Another essential for the witches in Wirkola's vision was that they had to really, truly fly -- furiously fast -- in visceral chase scenes. "I always felt the witches had to have brooms, but I wanted to use them in a new way, so that they are speedsters," says Wirkola, who worked with visual effects supervisor Jon Farhart, utilizing wires and green screens to launch the witches through the forest.

Helping to turn more of Wirkola's imaginings into reality was production designer Stephen Scott -- who also worked on Guillermo del Toro's HELLBOY and HELLBOY II. Like Wirkola, Scott was mesmerized by the chance to create sets ranging from cottages to caves and underground chambers. "Stephen has one of the richest imaginations of anyone I've ever met," comments producer Messick.

Heading for Germany -- to the very landscapes that first inspired Hansel & Gretel - Scott was especially thrilled to create sets in one of the haunting natural environments on earth: dark, virgin forests... the kind with full of twisting branches that reach out as if to grab you,. "We founds forests with a real medieval feel -- and also with trees that have a scary side," Scott explains.

In addition to the forest sets, Scott and his team had fun building Muriel's lair (which glows with the dying embers of children's souls), the mouth-watering but malevolent Candy House and the set they called "Stone Circle," scene of the film's climactic showdown.

One of Wirkola's favorite sets became the Candy House. "Everyone has their own idea of what that house might look like," notes the director. "But the important thing was that it needed to look so tempting that a couple of young kids would ignore their skepticism."

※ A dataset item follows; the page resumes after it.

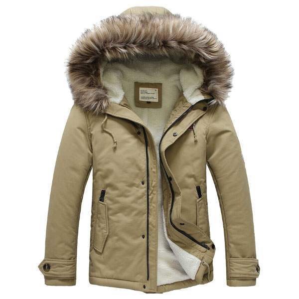 Doudoune Homme Parka Capuche fourrure Classique Chic Luxury Beige

"We see it first in the moonlight," continues Scott, "with all its gooey, melting chocolate, gingerbread on the walls and sparkling sweeties. But it also has a hidden side because inside is the Candy Witch, and the house and the witch are one and the same: an evil and nasty piece of work."

Perhaps the most ambitious set of all is the Stone Circle, where a daring rescue unfolds amidst bloodthirsty witches. The scene involved hundreds of cast and crew, multiple cameras, cranes and buckets of blood. "I love a big action finale," says Wirkola. "It's a fun mix of witches, machine guns and a personal battle."

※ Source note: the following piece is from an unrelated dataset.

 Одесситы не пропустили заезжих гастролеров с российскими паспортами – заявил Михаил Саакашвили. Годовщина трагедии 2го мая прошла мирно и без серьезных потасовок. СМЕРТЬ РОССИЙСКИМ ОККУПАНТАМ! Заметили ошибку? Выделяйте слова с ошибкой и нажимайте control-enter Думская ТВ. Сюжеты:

Creative fun also fueled the film's costumes, designed by Marlene Stewart (TERMINATOR 2), who designed and created nearly 100 costumes from scratch. She wanted Hansel & Gretel to look like they belonged in a fairy tale world but also look like they could be badass bounty hunters of any era. Their costumes might be made from traditional leather and linen - but there's nothing antique about them. "We turned all the traditions around by giving them a tough edge," Stewart explains.

The actors were grateful for the inspiration the costumes provided. Says Gemma Arterton: "Everybody went crazy for her costumes. My costume was both a little tomboyish and very sexy. She did such a great job; honestly, I would wear that costume down the street, I loved it so much."

While their clothing is timeless, Hansel & Gretel's witch-hunting arsenal is as deadly as any from our times. Simon Boucherie, a weapons designer from Berlin collaborated with Wirkola on all the weaponry in the film. For the weaponry, Wirkola had a kind of "steampunk" vision of retro-futuristic guns and bows that draw on century-old styles yet feature thoroughly modern firepower. "We had this rule that all the weapons should look like they hand-made them," he explains. "We had a lot of fun coming up with crazy designs."

Wirkola also made brother and sister's choices of weaponry personal. "Hansel is the guy who bursts in and tries to take everybody out with a shotgun, but Gretel is more about subtle precision, so she has a double-barrel crossbow that speaks to her character, yet does what she needs."

From the weapons to the effects to the action, that irreverent mix of the fantastical and the fearsome became the guiding principle for HANSEL & GRETEL: WITCH HUNTERS. Tommy Wirkola summarizes: "The film has a lot of action, but it was equally important that it have an adventurous feel and a fun feeling to it. It's still a fairy tale, but a very intense one."